Creativity is the most important factor to ascertain a company's future success. Confronted with an increasingly complex world of shifting global power relations, disruptive technologies and growing volumes of data, enterprises will rely on creativity to keep the advantage. That is the outcome of a survey conducted amongst 1500 CEOs operating worldwide published by IBM in 2010.


So what do you do when you're a technology multinational and you want to stay ahead of the curve? You build a creative machine.




The as yet unnamed system combines vast amounts of data with decision-making algorithms to generate truly creative products. The system demonstrates its artificial creativity through the production of culinary recipes but the method can equally be applied to other creative fields.


Computational creativity is the latest feat coming out of the T.J. Watson Research Center, IBM's innovation hub which is also responsible for chess computer Deep Blue and artificial intelligence system Watson. In a recently published paper researcher Lav Varshney and his team explain how the system works.




To be able to build a creative system, you first have to define what creativity is. For their purposes the authors formulate a utilitarian definition of creativity: the generation of a product or service that is novel, useful and valuable to a knowledgeable social group. In the case of the artificial cook, the level of creativity of its recipes is judged by a team of top chefs based on originality and palatability.


Computer generated creative products aren't new, there are programs which spit out poems, musical arrangements or mathematical proofs. However, these AIs are unable to evaluate their own work in order to determine whether it is any good. In all cases a human needs to weed through the output to pick out the valuable pieces.
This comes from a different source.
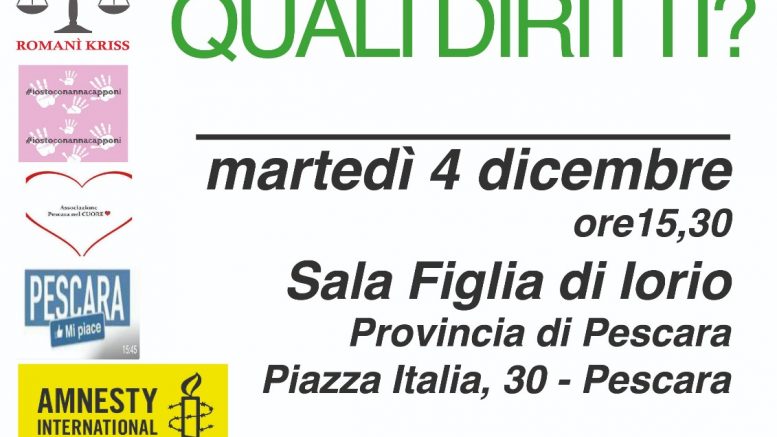 Il convegno, patrocinato dalla Provincia di Pescara,che svolgerà a ridosso della giornata internazionale dei diritti dell’uomo, sarà occasione per discutere dell’attuale tema dei diritti che sanciscono la dignità e l’inclusione anche della millenaria Popolazione Romanì presente in Abruzzo già dalla fine del 1300. Prenderanno parte al convegno Antonella Allegrino, Assessore alle politiche sociali di Pescara, Alessandra Genco consigliera regionale delle pari opportunità, Amnesty International, l’associazione Pescara mi piace e l’associazione Pescara nel cuore , il giornalista Luciano Troiano, l’attivista Adele Di Rocco, Anna Capponi e i legali Serena Gasperini, Bruno Gallo e Berardino Fiorilli.

The novel contribution of IBM's team is the introduction of a selective component into their system. The creative machine can not only generate millions of new recipes, it can also select the ten most tasty ones.


To pull this off the system relies on tonnes of data. Varshney and colleagues fed it tens of thousands of recipes and other data about cooking such styles and preparation methods. They also added content about related but distinctly different knowledge domains because creative cooking is more than a mash up of existing recipes. Novel ideas emerge when tried and tested know-how is exposed to new information.


The artificial cook has to assess its own output to select the most original and best tasting products according to human standards. To give it that ability the IBM team used data-driven assessment to mimic human perception.


The way we experience flavor is largely determined by how food smells. To create a human perception model the team uploaded data about the properties of chemical compounds and information about how their scent is perceived by humans. To evaluate its dishes the creative machine breaks them down into their constituent chemical compounds and rates them according to how much humans like them.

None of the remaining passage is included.